1. Kochanek KD, Murphy SL, Xu JQ, Arias E. Mortality in the United States, 2016. NCHS Data Brief, no 293. Hyattsville, MD: National Center for Health Statistics. 2017.
2. Grundy SM, Stone NJ, Bailey AL, et al. 2018 AHA/ACC/AACVPR/AAPA/ABC/ACPM/ADA/AGS/APhA/ASPC/NLA/PCNA Guideline on the management of blood cholesterol: executive summary: a report of the American College of Cardiology/American Heart Association Task Force on clinical practice guidelines. J Am Coll Cardiol. 2018.

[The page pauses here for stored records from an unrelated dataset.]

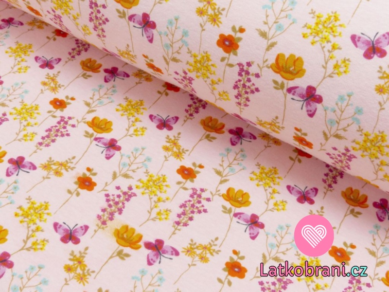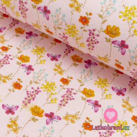 Warmkeeper motýlci mezi kvítky na světlé broskvové
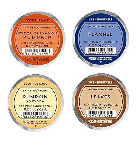 Bath Body Works Fall Scentportable Bundle For Autumn Pumpkin Cupcake Sweet Cinnamon Pumpkin Leaves And Flannel Scentportables
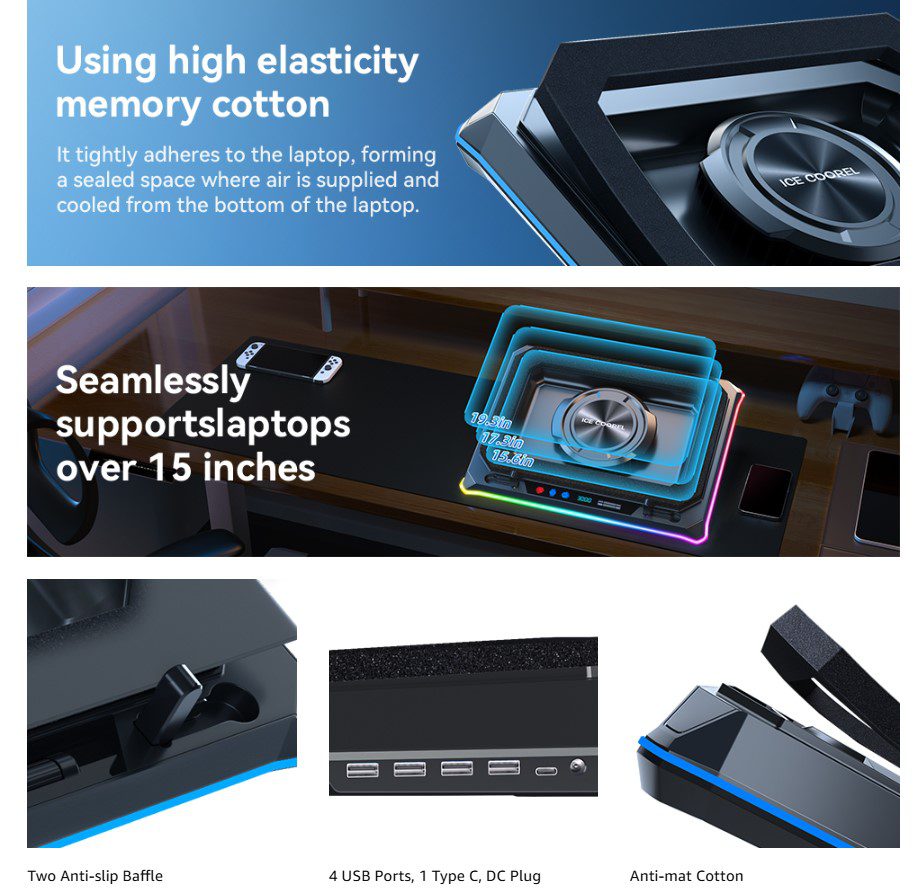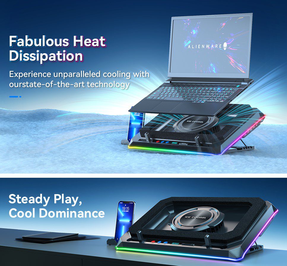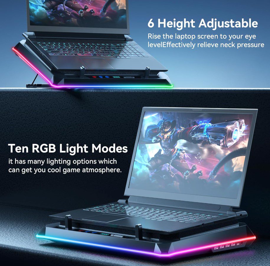 10 режимов RGB-подсветки: RGB-подсветка охлаждающей подставки для ноутбука выглядит красиво, и множество вариантов подсветки помогут создать классную игровую атмосферу.
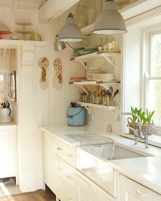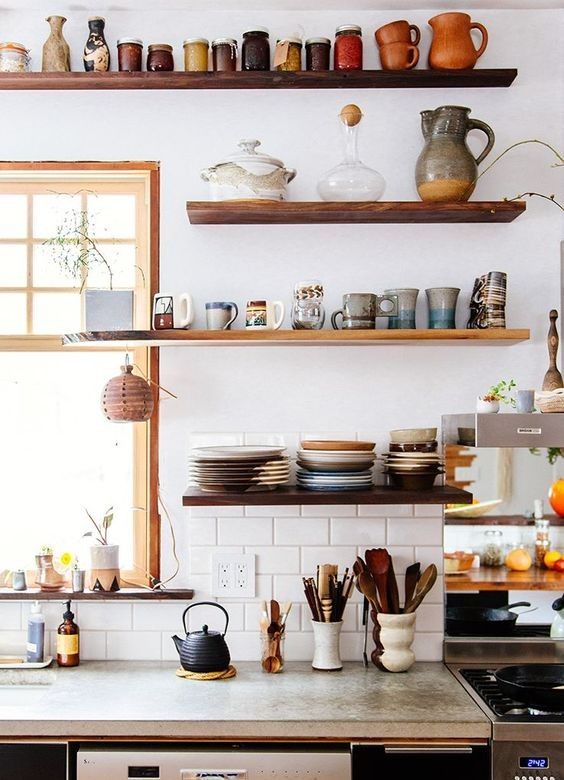 Öppna hyllor i köket ger ett luftigt och ljust intryck. Snyggt och smart om man kan bygga runt ett fönsrtet. Källa
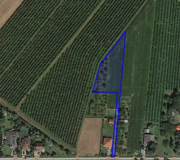 Działka jest płaska, na części ziemi znajduje się zadbany sad.

3. Sirtori CR. The pharmacology of statins. Pharmacol Res. 2014;88:3-11.
4. Lennernas H, Fager G. Pharmacodynamics and pharmacokinetics of the HMG-CoA reductase inhibitors. Similarities and differences. Clin Pharmacokinet. 1997;32(5):403-425.
5. Newman CB, Preiss D, Tobert JA, et al. Statin safety and associated adverse events: a scientific statement from the American Heart Association. Arterioscler Thromb Vasc Biol 2019; 39 (2): e38-e81.
6. Crestor [package insert]. Wilmington, DE: AstraZeneca Pharmaceuticals LP; 2010.
7. Zocor [package insert]. Northumberland, UK: Merck Sharp & Dohme LTD.; 2018.
8. Pravachol [package insert]. Princeton, NJ: Bristol-Myers Squibb Company; 1991.
9. Altoprev [package insert]. Ft. Lauderdale, FL: Watson Laboratories; 2002.
10. Lipitor [package insert]. Dublin, Ireland: Pfizer Ireland Pharmaceuticals; 2009
11. Livalo [package insert]. Montgomery, AL: Kowa Pharmaceuticals American, Inc.; 2009.
12. Baigent C, Blackwell L, Emberson J, et al. Efficacy and safety of more intensive lowering of LDL cholesterol: a meta-analysis of data from 170,000 participants in 26 randomised trials. Lancet 2010; 376 (9753): 1670-1681.
13. Mihaylova B, Emberson J, Blackwell L, et al. The effects of lowering LDL cholesterol with statin therapy in people at low risk of vascular disease: meta-analysis of individual data from 27 randomised trials. Lancet 2012; 380 (9841): 581-590.
14. Thavendiranathan P, Bagai A, Brookhart MA, Choudhry NK. Primary prevention of cardiovascular diseases with statin therapy: a meta-analysis of randomized controlled trials. Arch Intern Med 2006; 166 (21): 2307-2313.